NOTE This information is relevant only for BlueXP classification legacy versions 1.30 and earlier.
-
You can add unique identifiers based on specific columns in databases you are scanning.
-
You can add custom keywords from a text file — these words are identified within your data.
-
You can add a personal pattern using a regular expression (regex) — the regex is added to the existing predefined patterns.
-
You can add custom categories to identify where specific categories of information are found in your data.
All of these mechanisms to add custom scanning criteria are supported in all languages.
The capabilities described in this section are available only if you have chosen to perform a full classification scan on your data sources. Data sources that have had a mapping-only scan do not show file-level details. |
Add custom personal data identifiers from your databases
A feature we call Data Fusion allows you to scan your organizations' data to identify whether unique identifiers from your databases are found in any of your other data sources. You can choose the additional identifiers that BlueXP classification will look for in its' scans by selecting a specific column, or columns, in a database table. For example, the diagram below shows how data fusion is used to scan your volumes, buckets, and databases for occurrences of all your Customer IDs from your Oracle database.

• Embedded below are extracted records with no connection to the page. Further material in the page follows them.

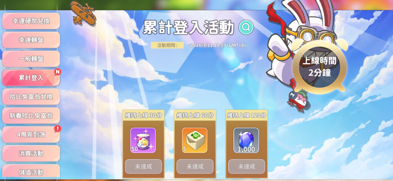 每天登入遊戲達到指定時間,即可領取累計登入的活動獎勵。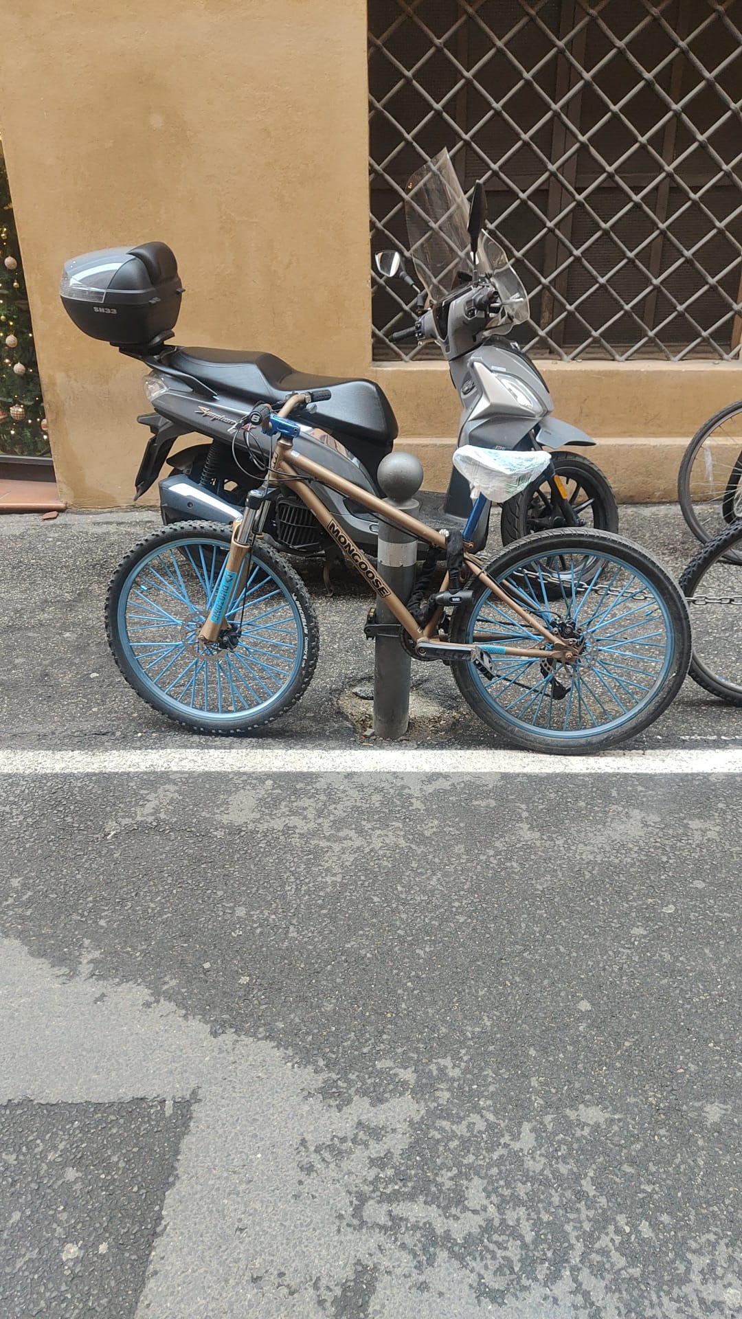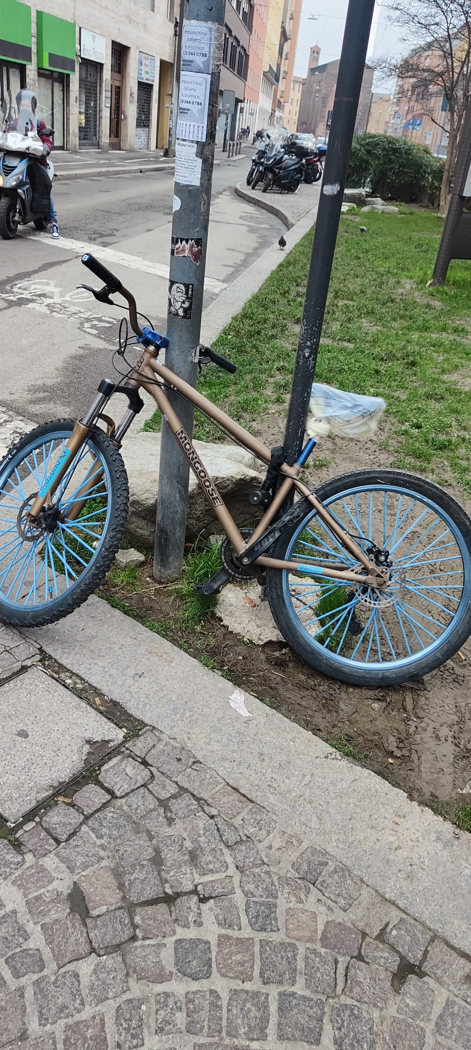 descrizione / segni particolari: La bici ha il telaio di colore oro scuro/ocra, il logo della marca "Mongoose" di colore nero sulla canna bassa del telaio, il sellino di colore nero sempre della marca "Mongoose", la canna del sellino, il blocco della forcella anteriore e i raggi di colore blu/azzurro
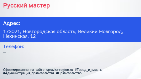 Русский мастер по адресу 173021, Новгородская область, Великий Новгород, Нехинская, 12 в дальнейшем Организация, размещена в следующих категориях: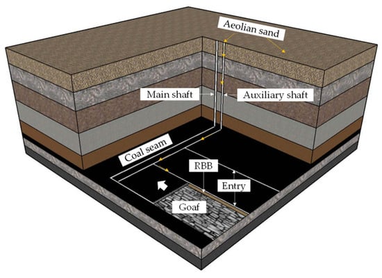 The gob-side entry retaining (GER) technique enables pillarless coal mining by using a roadside backfilling body (RBB), which can effectively reduce the roadway-driven ratio, improve the resource recovery rate, and has significant economic and environmental benefits (Figure 1) [,]. Flexible formwork concrete and cement mortar have higher strengths but lower vertical deformation capacity. Therefore, such backfill materials hardly meet the requirement for a large deformation capacity of RBB for GER. On the other hand, high-water backfill materials have the benefits of having high early strength, high flowability of single slurry, fast setting of mixed slurry, and high bearing capability after a large post-peak deformation. Besides, such backfill materials were incompressible under triaxial compression and better adapted to the underground goaf environment, which was usually cold, damp, and enclosed []. Given the above discussion, high-water backfill materials are believed to be ideal for the RBB.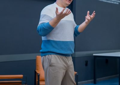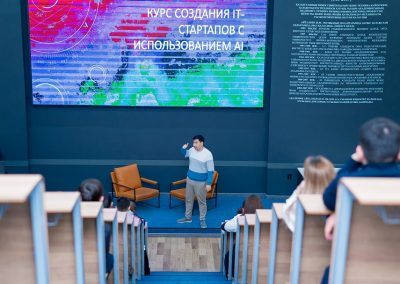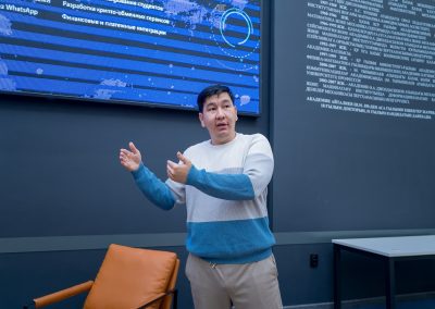 Дәріс барысында спикерлер IT-стартаптарды дамытудың заманауи тенденциялары туралы айтып, бағдарламалық өнімдерді әзірлеудегі тәжірибелерімен бөлісті, сондай-ақ React, Next.js, TypeScript және React Native сияқты фронтенд әзірлеудің заманауи технологияларына тоқталды. Сонымен қатар, серверлік қосымшаларды әзірлеуде қолданылатын NestJS және MongoDB технологиялары да қарастырылды.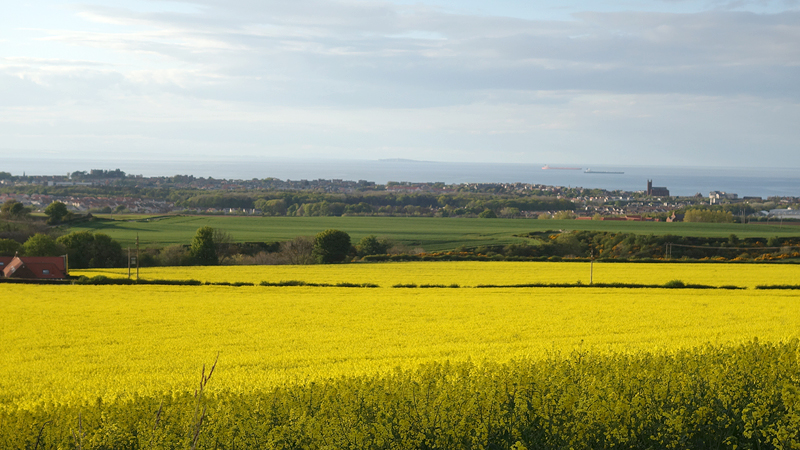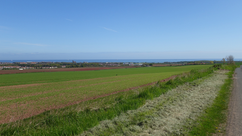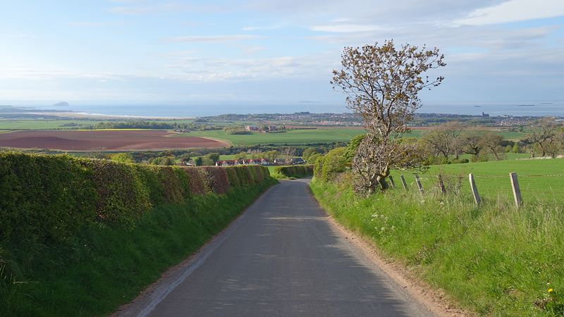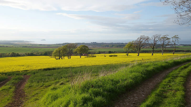 Ik hobbel rustig door en geniet van het uitzicht op Bass Rock in de verte. Zouden er ook dit jaar weer vaan Gannets broeden en schreeuwen daar op die rots? Eind mei gaan we het misschien weer zien, horen en ruiken als we er met de snelle boot langs varen. Nu al zin in en ik hoop op droog weer die dag!!

As you can see, two unique Customer IDs have been found in two volumes and in one S3 bucket. Any matches in database tables will also be identified.
Note that since you're scanning your own databases, whatever language your data is stored in will be used to identify data in future BlueXP classification scans.
You must have added at least one database server to BlueXP classification before you can add data fusion sources.
-
In the Configuration page, click Manage Data Fusion in the database where the source data resides.
-
Click Add Data Fusion source on the next page.
-
In the Add Data Fusion Source page:
-
Select the Database Schema from the drop-down menu.
-
Enter the Table name in that schema.
-
Enter the Column, or Columns, that contain the unique identifiers you want to use.
When adding multiple columns, enter each column name, or table view name, on a separate line.
-
-
Click Add Data Fusion Source.
After the next scan, the results will include this new information in the Compliance Dashboard under the "Personal Results" section, and in the Investigation page in the "Personal Data" filter. The name you used for the classifier appears in the filter list, for example Customers.CustomerID
.
Delete a Data Fusion source
If at some point you decide not to scan your files using a certain Data Fusion source, you can select the source row from the Data Fusion inventory page and click Delete Data Fusion Source.
Add custom keywords from a list of words
You can add custom keywords to BlueXP classification so that it will identify where that information is found in your data. You add the keywords just by entering each word you want BlueXP classification to recognize. The keywords are added to the existing predefined keywords that BlueXP classification already uses, and the results will be visible under the personal patterns section.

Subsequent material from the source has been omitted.